Quand Alexandra David-Néel (1868-1969) débarque à Londres, elle ne peut s'empêcher de s'inscrire à la Société théosophique pour parfaire ses connaissances de l’Extrême Orient. Son attrait pour l'Orient la conduira à apprendre le sanskrit, à dévorer les textes des grands mystiques orientaux, mais aussi ceux d'Alexander Csoma de Körös, ceux du Père Huc et, bien sûr, ceux d'Helena Blavatsky. Comme elle l'a raconté dans « Voyage d'une Parisienne à Lhassa », Alexendra David-Néel mit quatorze ans pour atteindre la capitale tibétaine, avec quelques détours par l'Inde, le Japon, la Chine et en traversant plusieurs fois le Haut Plateau tibétain de part en part. À cette époque, au début du 20ème siècle, le Tibet était occupé par les Britanniques qui, non contents de leurs colonies indiennes, s'étaient octroyé le droit d'ouvrir des comptoirs de commerce à Lhassa et d'interdire l’entrée du Tibet à tout étranger. Ce n'était pas pour plaire à notre aventurière qui, arrivée aux portes de Lhassa, dut rebrousser chemin à plusieurs reprises. Finalement, elle arriva dans la capitale tibétaine déguisée en mendiante et accompagnée de son fils adoptif, un jeune lettré tibétain.

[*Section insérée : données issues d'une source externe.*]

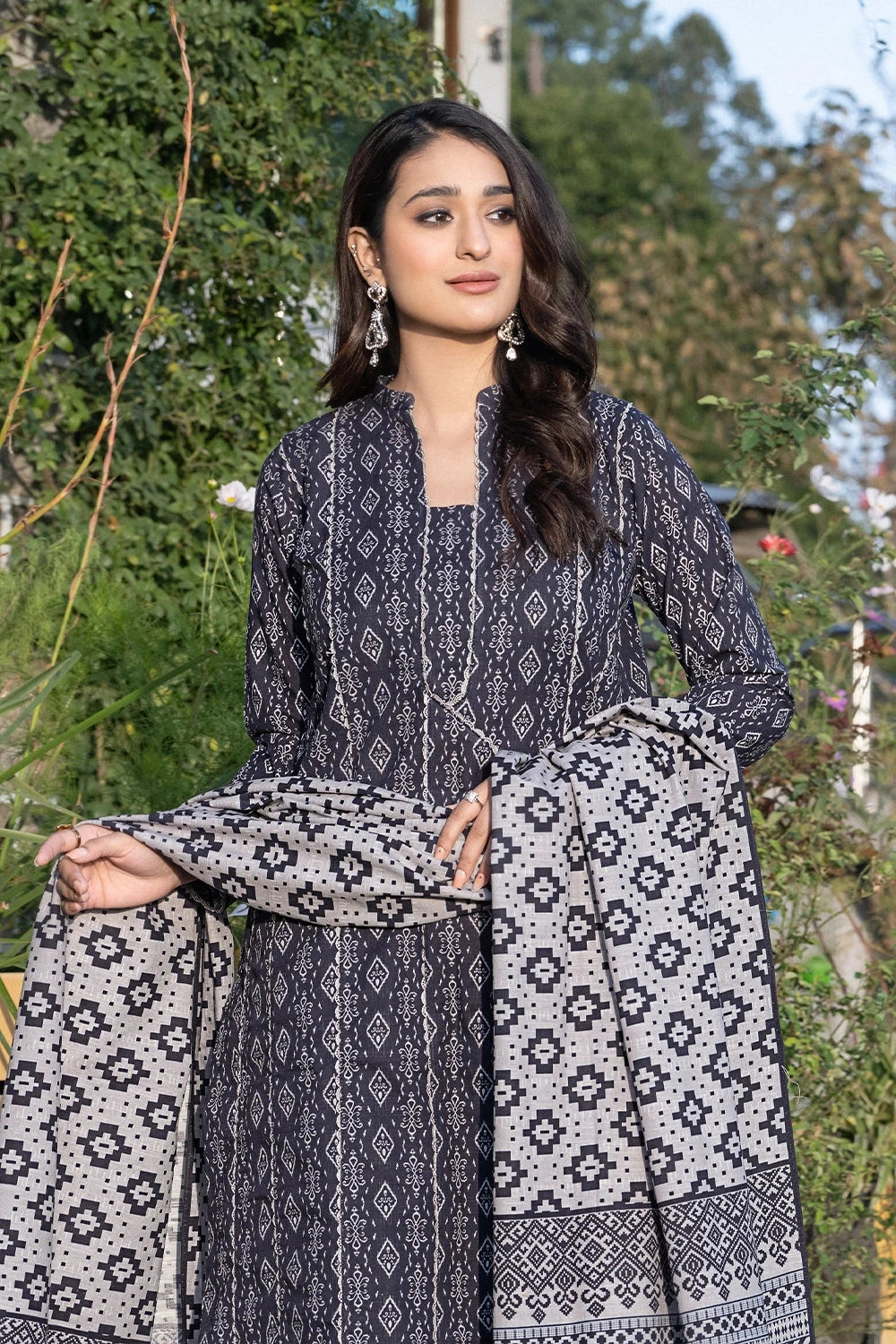 The suit features a beautifully printed khaddar fabric with intricate patterns that are both stylish and versatile for various occasions.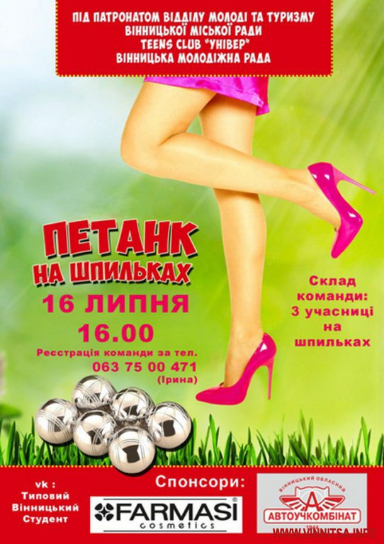 16 липня у Вінниці відбудеться змагання з петанку на шпильках. Захід проходитиме на набережній «Рошен». Участь у ньому можуть взяти всі бажаючі представниці прекрасної статі.

Bien qu'elle y décrive les us et coutume des Tibétains avec la précision d'une anthropologue, « Voyage d'une parisienne à Lhassa » n'est pas le livre d'Alexandra David-Néel qui eut le plus de succès. Celui qui a le plus marqué nos mémoires d'Occidentaux en mal de mystères et d'intrigues occultes, est « Mystiques et magiciens du Tibet » (publié en 1929), livre qui corrobore l'image romantisée du Tibet que nous avait léguée Madame Blavatsky. Pourtant l'auteure répète à qui veut l’entendre que ces histoires de sorcellerie ne relèvent pas du bouddhisme tibétain mais bien d'anciennes pratiques chamaniques du Tibet.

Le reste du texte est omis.